[EM] ranked pair method that resolves beath path ties.

[Ross Hyman]

Markus is right.

One way of retaining monotonicity, I think, is to replace the Sets with objects that record the number of times that a A has beaten B.

Then for the pair ordering
A>C, B>C
C>D
D>A, D>B, A>B

Affirming A>C and B> C
A(W):A(W)
B(W):B(W)
C(L):A(W),B(W),C(L)
D(W):D(W)

Affirming C>D
A(W):A(W)

B(W):B(W)

C(L):A(W),B(W),C(L)

D(L):A(W), B(W), C(L), D(L)

Affirming D>A, D>B, A>B
A(W):A(W) [A(W), B(W), C(L), D(L)]


B(W):B(W) [A(W), B(W), C(L), D(L)]A(W)


C(L):A(W),B(W),C(L)[A(W), B(W), C(L), D(L)][A(W), B(W), C(L), D(L)]


D(L):A(W), B(W), C(L), D(L)[A(W), B(W), C(L), D(L)][A(W), B(W), C(L), D(L)]
Now remove equal numbers of A from B and B from A.
A(W):A(W) [A(W), C(L), D(L)]



B(W):B(W) [A(W), B(W), C(L), D(L)]



C(L):A(W),B(W),C(L)[A(W), B(W), C(L), D(L)][A(W), B(W), C(L), D(L)]

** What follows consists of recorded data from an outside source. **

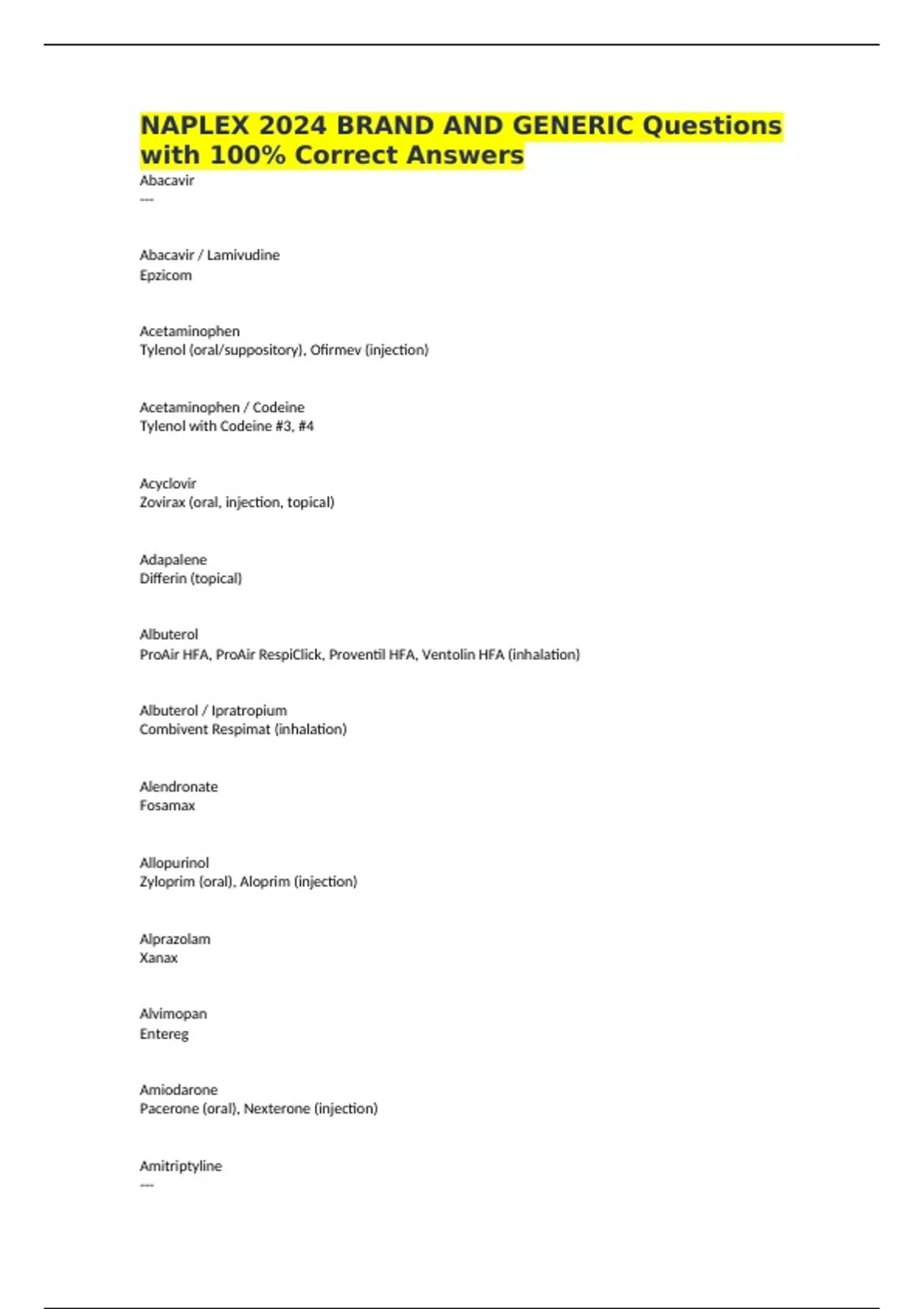 NAPLEX 2024 BRAND AND GENERIC Questions with 100% Correct Answers Abacavir --- Abacavir / Lamivudine Epzicom Acetaminophen Tylenol (oral/suppository), Ofirmev (injection) Acetaminophen / Codeine Tylenol with Codeine #3, #4 Acyclovir Zovirax (oral, injection, topical) Adapalene Differin (topical) Albuterol ProAir HFA, ProAir RespiClick, Proventil HFA, Ventolin HFA (inhalation) Albuterol / Ipratropium Combivent Respimat (inhalation) Alendronate Fosamax Allopurinol Zyloprim (oral), Aloprim (injection) Alprazolam Xanax Alvimopan Entereg Amiodarone Pacerone (oral), Nexterone (injection) Amitriptyline --- Amlodipine Norvasc Amlodipine / Benazepril Lotrel Amoxicillin --- Amoxicillin / Clarithromycin / Lansoprazole Prevpac Amoxicillin / Clavulanate Augmentin Amphetamine / Dextroamphetamine Adderall Ampicillin Generics (oral, injection) Anastrozole Arimidex Apixaban Eliquis Aprepitant Emend Aripiprazole Abilify Atazanavir Reyataz Atenolol Tenormin Atenolol / Chlorthalidone Tenoretic Atomoxetine Strattera Atorvastatin Lipitor Azelastine Astepro (nasal), generics (ophthalmic) Azithromycin Zithromax (oral, injection), Z-Pak (oral) Bacitracin / Neomycin / Polymyxin B / Hydrocortisone Cortisporin (topical) Baclofen Lioresal (intrathecal), generics (oral) Beclomethasone QVAR RediHaler (inhalation) Benazepril Lotensin Benzonatate Tessalon Perles Benztropine Cogentin Betamethasone dipropionate Diprolene Cream AF (topical) Betamethasone / Clotrimazole Lotrisone (topical) Bictegravir / Emtricitabine / Tenofovir alafenamide Biktarvy Bimatoprost Lumigan, Latisse (ophthalmic)
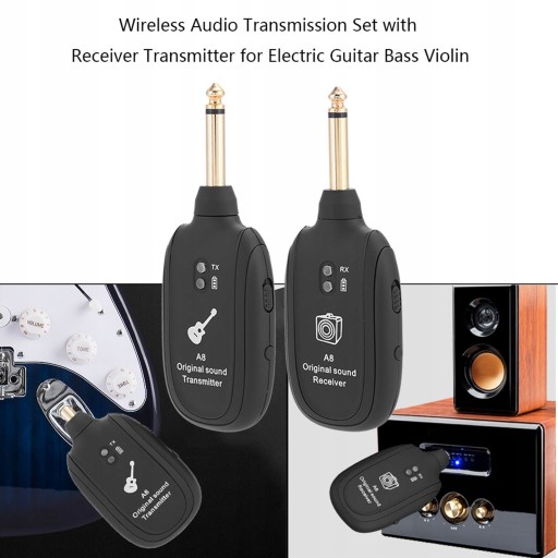 Zestaw bezprzewodowej transmisji audio z nadajnikiem-odbiornikiem do skrzypiec basowych z gitarą elektryczną
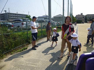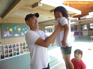 園庭で一緒に踊ったり
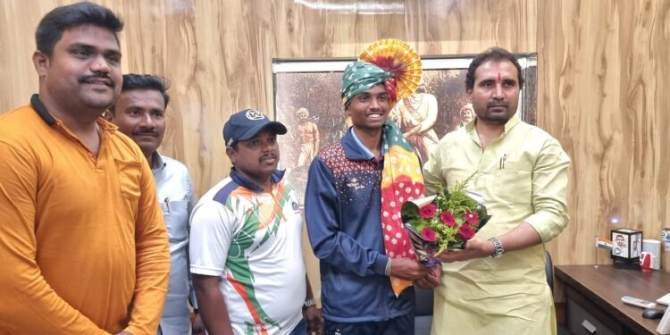 आंतरराष्ट्रीय धनुर्विद्या स्पर्धेसाठी निवड झालेल्या देशातून साईराज हणमे यांची निवड राष्ट्रवादीच्या वतीने जिल्हाध्यक्ष संतोष पवार यांनी फेटा पुष्पगुच्छ देऊन सन्मान केला.चीन तायपे येथे होणाऱ्या आंतरराष्ट्रीय धनुर्विद्या स्पर्धेत ‘साईराज’ तू नक्कीच विजयी होशील..! अशा शुभेच्छा यावेळी त्यांनी दिल्या.

D(L):A(W), B(W), C(L), D(L)[A(W), B(W), C(L), D(L)][A(W), B(W), C(L), D(L)]
B is reclassified a Loser
A(W):A(W) [A(W), C(L), D(L)]




B(L):B(L) [A(W), B(L), C(L), D(L)]




C(L):A(W),B(L),C(L)[A(W), B(L), C(L), D(L)][A(W), B(L), C(L), D(L)]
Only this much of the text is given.